[QUIZ][SOLUTION] Mexican Blanket (#127)

Hello,

Here is my solution to the quiz. Looking at the pattern for a moment, each
line of the pattern is really just the previous line, shifted over one
pixel. Thus to draw the pattern we can first calculate what all of the
pixels will be. Then we simply iterate over this list, drawing one line at a
time. With that in mind, here is the code I used to create the gradient:

def create_gradient(colors, width=5)
  pattern = []

  for i in 0...(width)
    (width-i).times { pattern.push(colors[0]) }
    (i+1).times { pattern.push(colors[1]) }
  end

  for i in 0...(width)
    (i+1).times { pattern.push(colors[2]) }
    (width-i-1).times { pattern.push(colors[1]) }
  end

  pattern
end

And this function creates solid bands of color:

def create_solid(colors, width)
  pattern = []
  for color in colors
    width.times { pattern.push(color) }
  end
  pattern
end

To draw ASCII we simply print each line in turn.

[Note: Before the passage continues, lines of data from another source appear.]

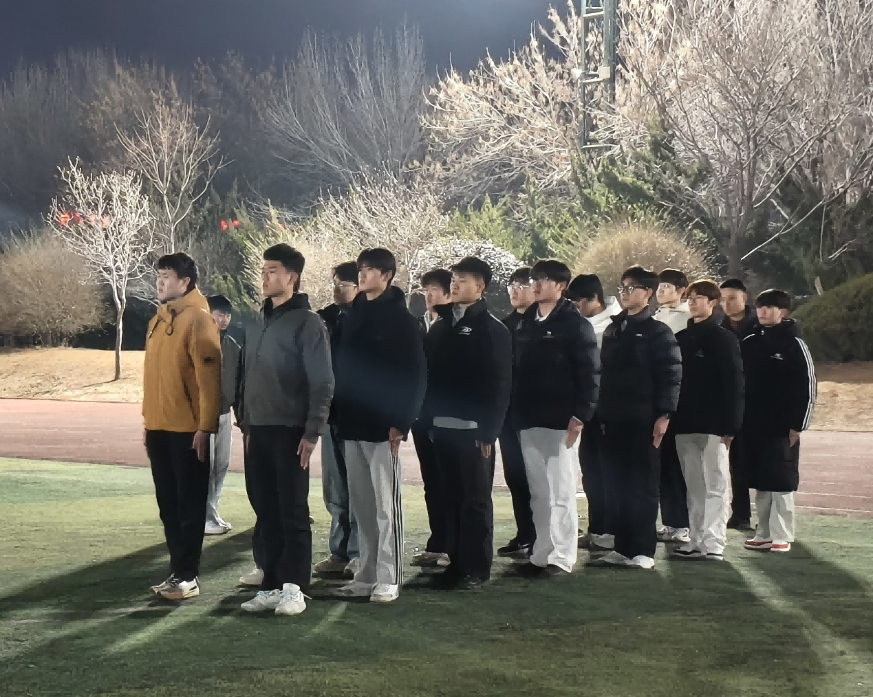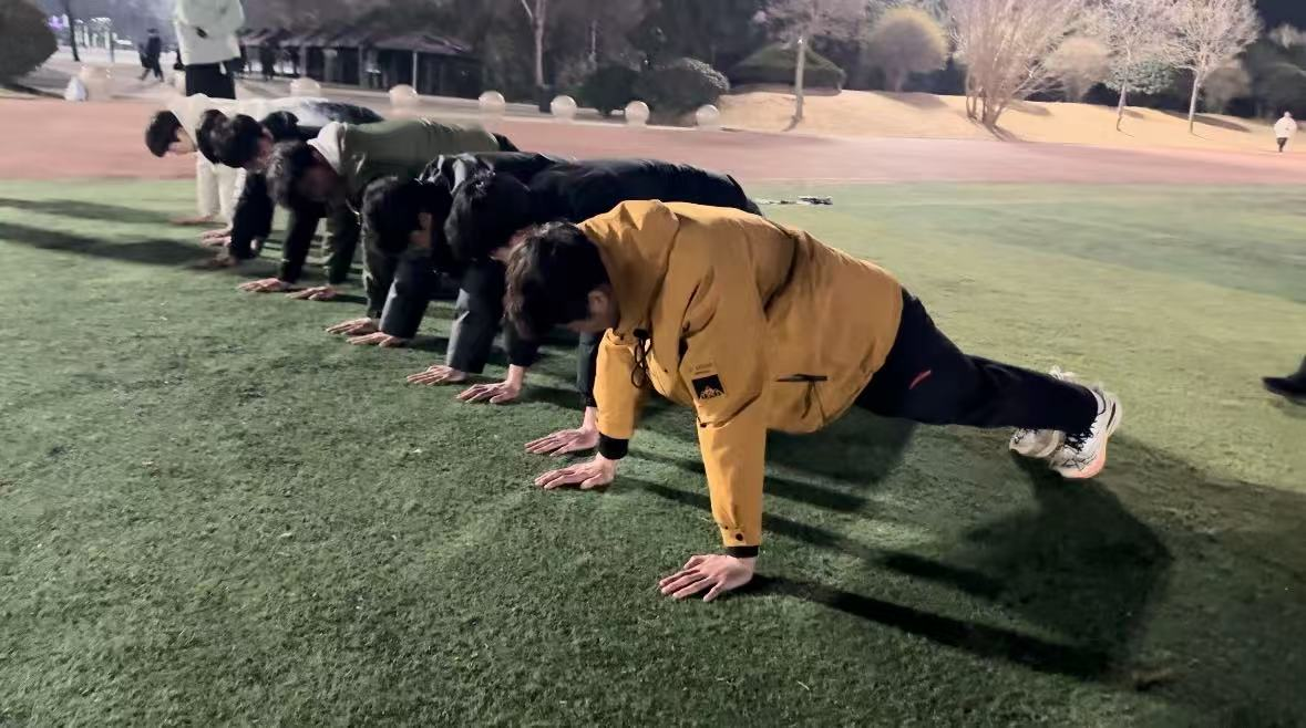 晚八时许,百余名成员迅速集结。随着一声哨响,全体如钢钉般挺立。下颌微收、五指并拢、肩背绷直,标准军姿的每一处细节都凝聚着对纪律的敬畏。夜色中,汗水顺着鬓角滑落,但无人晃动分毫。军姿练的是心性,站的是信仰!训练队长的话掷地有声。
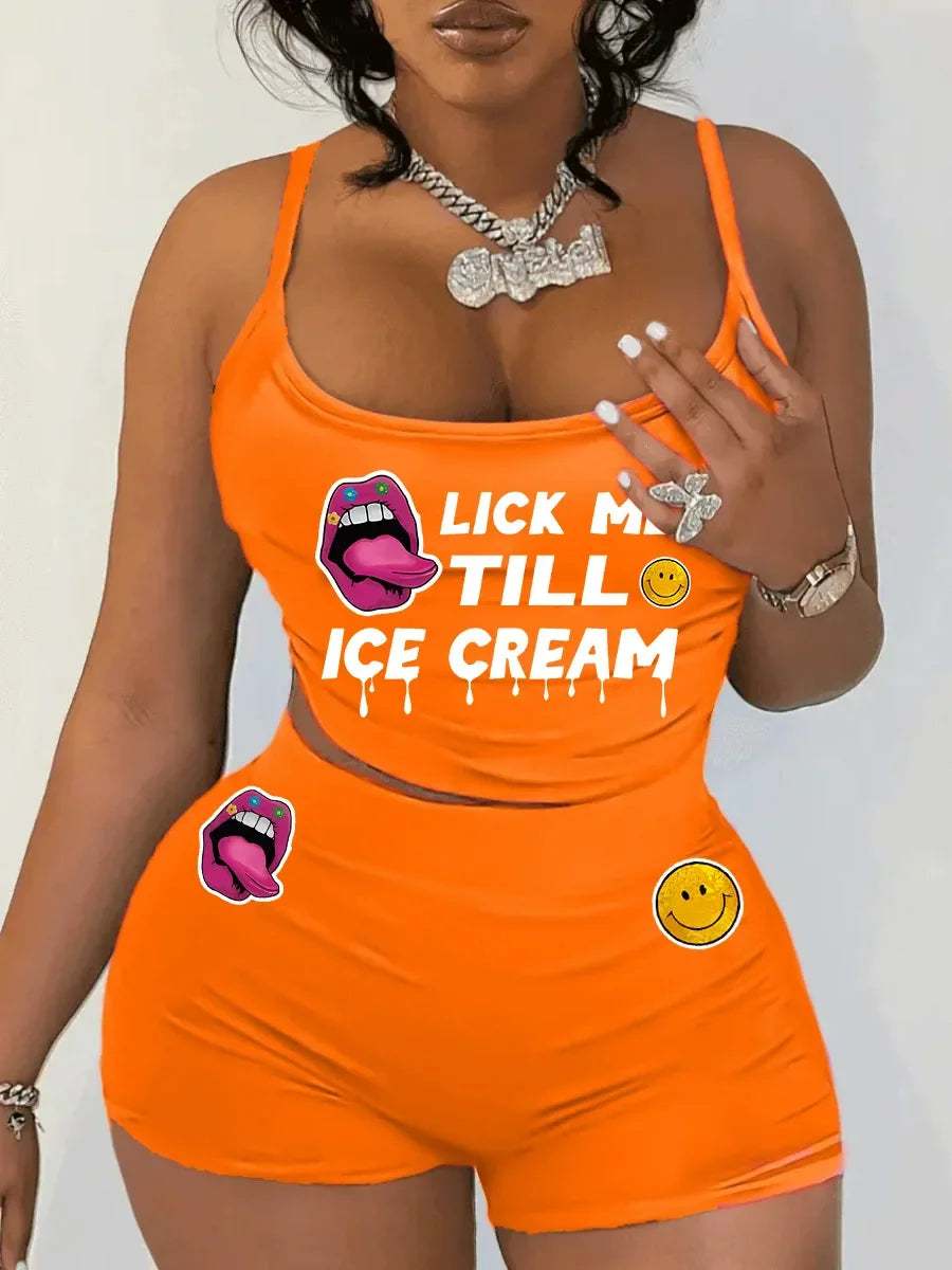 Sexy Spaghetti Strap Crop Tops And Short 2 Piece Sets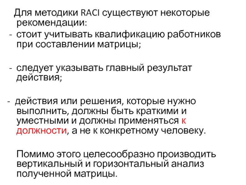 Слайд 22 Для методики RACI существуют некоторые рекомендации: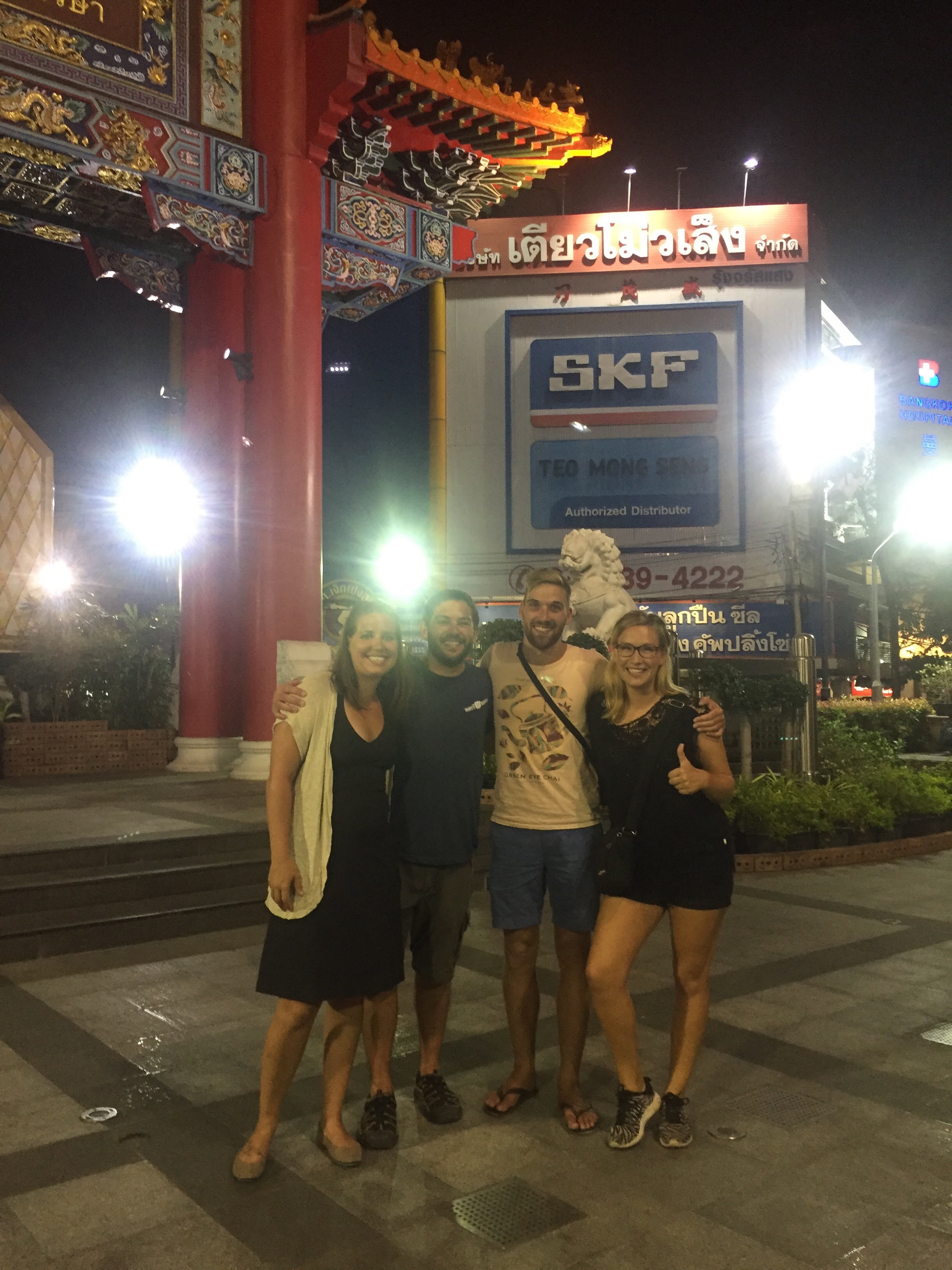 Our first night we met up with some friends we’d met in DaLat, Vietnam. Jerome and Charlotte are a really nice couple from the Netherlands and Belgium, respectively. They were only 2 days behind us on the Thakhek Loop, in Laos, and our paths have been close a few other times but we all happened to arrive in Bangkok on the 26th. We had a fun night finding some really good street food – although it nearly killed Jerome from spice, he actually started turning purple. It was a great night of swapping both horror and success stories in our travels throughout Southeast Asia, while weaving our way through shady back alleys on our way to Chinatown. The Chinese New Year happened to start just as we arrived to Bangkok so the 4 of us went looking for dancing, dragons and fireworks. Sadly, there were no celebrations that night. The first night is more of a family night or so we were told. Through our wandering, we were able to find the China gate, which resulted in more than a few failed pictures and a pretty nice temple. All of us were fairly beat so we grabbed the subway and made our way home. It’s always great to see some familiar faces and you cannot beat these two for positive attitudes; they smile as much as McKayla… okay, almost as much as McKayla.

def draw_ascii(pattern, width)
  for i in 0...(pattern.size-width+1)
    puts pattern.slice(i, width).join
  end
end

And to draw a JPEG we get a bit fancier, but its the same basic idea. There
must be a better way to code this, because it takes much too long to run.
But anyway, here it is:

require 'RMagick'
include Magick

def draw(filename, pattern, width, height)
  canvas = Magick::ImageList.new
  canvas.new_image(width, height, Magick::HatchFill.new('white', 'white'))
  pts = Magick::Draw.new

  for y in 0... height
    line = pattern.slice(y, width)

    x = 0
    for color in line
      pts.fill(color)
      pts.point(x, y)
      x = x + 1
    end
  end

  pts.draw(canvas)
  canvas.write(filename)
end

Finally, we draw the ASCII from the Quiz and a picture similar to the one
that was posted.

# 1) Draw the ASCII representation
draw_ascii(create_gradient(['R', 'B', 'Y']), 28)

# 2) Draw a picture of the blanket
mex_flag = create_solid(['rgb(0, 64, 0)', 'white', 'red'], 5)
border = create_solid(['rgb(0, 64, 0)'], 25)

pattern = create_gradient(['red', 'blue', 'yellow'])
pattern = pattern + mex_flag
pattern = pattern + border
pattern = pattern + create_gradient(['black', 'red', 'orange'])
pattern = pattern + border
pattern = pattern + mex_flag.reverse
pattern = pattern + create_gradient(['red', 'purple', 'black'], 8)
draw("mexican_blanket.jpg", pattern, 100, 200)

Here is a picture of the final blanket, if anyone is interested:

Any thoughts? The code could probably be more clever, but I tried to make
everything as easy to follow as possible.
Thanks,

Justin

Justin Ethier wrote:

And to draw a JPEG we get a bit fancier, but its the same basic idea. There
must be a better way to code this, because it takes much too long to run.

Nice solution! Regarding the speed, see my earlier reply to Jesse Merriman. Instead of drawing a pixel at a time, create an array of Pixel objects and then use import_pixels or store_pixels to "draw" a row at a time. For that matter, both of these methods can handle arbitrary rectangles so you can create as many rows as you want and stow them in the image all at once. You could build the whole image in memory if that's what you wanted.

Though that does give a speed boost, its not much. Here's a mod of the
last version of draw_blanket I posted:

  def draw_blanket blanket
    pixels =
    blanket.each_row_with_index do |row, y|
      row.split(//).each do |color_char|
        pixels << Magick::Pixel.from_color(StringToColor[color_char])
      end
    end
    store_pixels 0, 0, blanket.width, blanket.height, pixels
  end

For a 800x800 image, on my box, this shaves about 1/20 second off a total
run time of about 7 seconds.